The following summary of the group discussion was provided by NASCIC:

  • Q: In your experience and as a leader in the community, can you describe what you view as what would be a meaningful improvement?
    Any improvement gives hope. There is heterogeneity in the community. Anything that increases independence, lifespan, and overall health. Anything that provides a better quality of life from access and/or functional ability.

  • Q: Viewing the clinical trial (CT) barriers/facilitators, what other barriers have you seen hindering CT participation?
    Common medications tend to be exclusion criteria. Eligibility requirements are a hurdle. Lack of awareness, financial considerations i.e. travel/accommodation/medical expenses. The opportunity cost to participation is a factor, plus weighing the medications and QOL.

  • Q: What perspectives have you seen as the diversity between various levels of injury?
    Higher-level injuries (tetraplegics) have a greater interest in clinical trials and gaining function back.
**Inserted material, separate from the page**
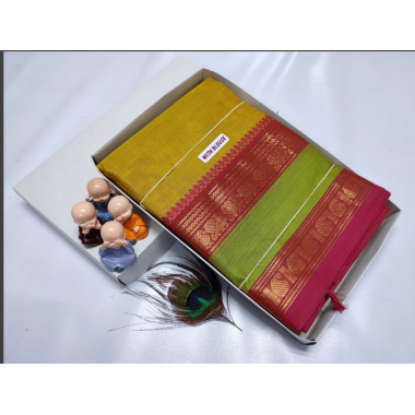 Kanchi Cotton Sarees Collections Kanchi Bridal Collections with Copper Zari, Silver Zari, Gold Zari and Thread Borders
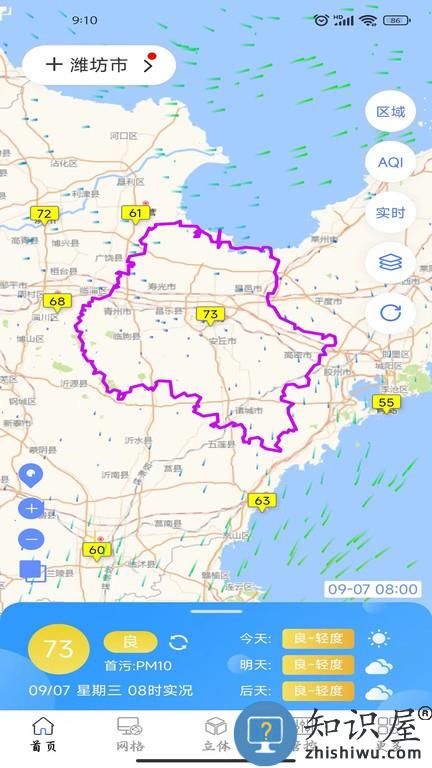 对区域空气质量进行多日预报的查看,以及包含相关气象预报信息的查看。

In contrast, those with lower-level injuries are more interested in quality-of-life improvements of secondary complications for day-to-day life. We tend to avoid the word cure and focus on more attainable gains, but we can’t forget there is still a desire for a cure.

  • Q: Could you talk about what you have seen to help serve minority, under-served, and rural area people with SCI? 
    Rural access is limited since most studies are conducted in urban centers. Whether it is the level of injury or time post injury, people are cautious due to a fear of lost function. Time commitment is another factor. Time since injury has an impact on interest.

  • Q: How do you think the FDA could do better? What would you change? Understanding (and applying) the diversity in the SCI community. The NASCIC course is a great resource to get someone started in understanding their injury and how the research system works. 

  • Q: Are there any particular aspects of the design of clinical studies (including informed consent forms) that the FDA could help to improve in our reviews? Informed consents can be very long and complicated. The FDA could encourage continual informed consent and continual understanding of the risks. Anything that allows for remote data collection would be helpful. Understanding of when is a good time to go over informed consent.

  • Q: What are some innovative or creative ideas we could use to improve the safety of the use of devices that are already in use for people with SCI?
    Accelerate translation. Minimize revision surgeries and have tools to troubleshoot or correct system issues externally rather than before considering surgery. We need better long-term data for implants and better device contingency plans for when companies go out of business or research ends.

  • Q: How can we follow clinical trial participants with implanted devices to improve the devices long term?
    We need to look at standards of care. There could be an improvement in the longevity of devices. FDA could set up a registry for those with implanted devices, regardless of how long the investigator conducts their study or when it goes to market. FDA has a database of adverse events and could learn from there to improve devices.

We’ll Stay in Touch, FDA
We are well aware that the process of getting a new drug or device from those who invented it to those who it must pass through the FDA. While the agency hasn’t had any recent SCI-related judgments to make, there are therapies moving toward the market, and thus into the complex FDA regulatory process. So, thank you FDA, for including people living with spinal cord injury in the discussion – the purpose of both the U2FP and NASCIC meetings – the agency is better prepared to gauge the urgency for new treatments.